Institutes of Physical Science and Information Technology, Anhui University, 111 Jiulong Road, 230601, Hefei, China.
Key Laboratory of Intelligent Computing and Signal Processing, School of Computer Science and Technology, Anhui University, 111 Jiulong Road, 230601, Hefei, China.
Brief Funct Genomics. 2024 May 15;23(3):286-294. doi: 10.1093/bfgp/elad037.
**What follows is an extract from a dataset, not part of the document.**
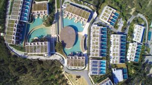 Üppige Vegetation prägt die griechische Insel Zakynthos und bettet das Olea All Suite Hotel mit seiner Gesamtfläche von 7170 m² leicht und natürlich in seine
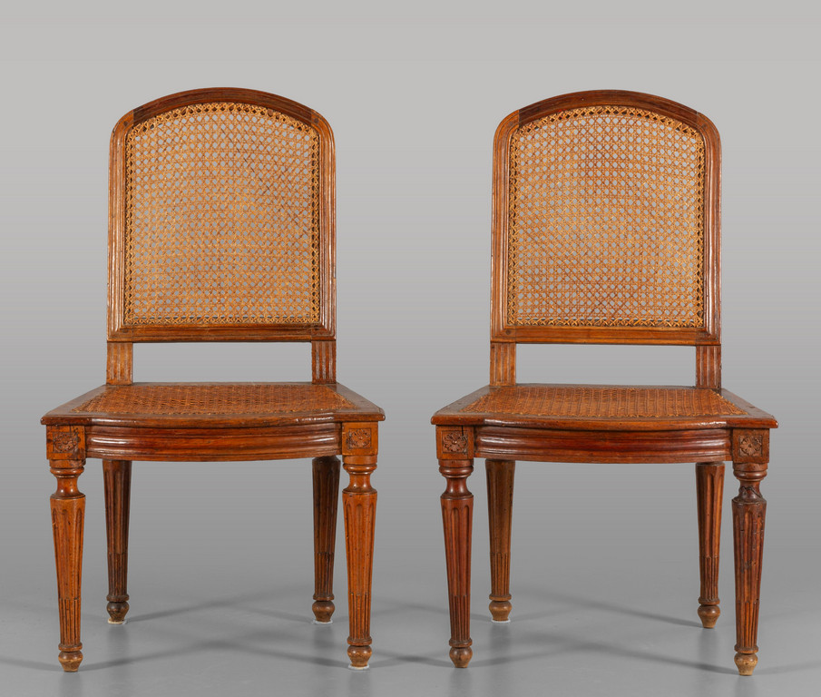 Coppia di sedie Luigi XVI in noce schienale ad arco gambe scanalate e controscanalate Genova II metà sec.XVIII

The precise identification of drug-protein inter action (DPI) can significantly speed up the drug discovery process. Bioassay methods are time-consuming and expensive to screen for each pair of drug proteins. Machine-learning-based methods cannot accurately predict a large number of DPIs. Compared with traditional computing methods, deep learning methods need less domain knowledge and have strong data learning ability. In this study, we construct a DPI prediction model based on dual channel neural networks with an efficient path attention mechanism, called DCA-DPI. The drug molecular graph and protein sequence are used as the data input of the model, and the residual graph neural network and the residual convolution network are used to learn the feature representation of the drug and protein, respectively, to obtain the feature vector of the drug and the hidden vector of protein. To get a more accurate protein feature vector, the weighted sum of the hidden vector of protein is applied using the neural attention mechanism. In the end, drug and protein vectors are concatenated and input into the full connection layer for classification. In order to evaluate the performance of DCA-DPI, three widely used public data, Human, C.elegans and DUD-E, are used in the experiment. The evaluation metrics values in the experiment are superior to other relevant methods. Experiments show that our model is efficient for DPI prediction.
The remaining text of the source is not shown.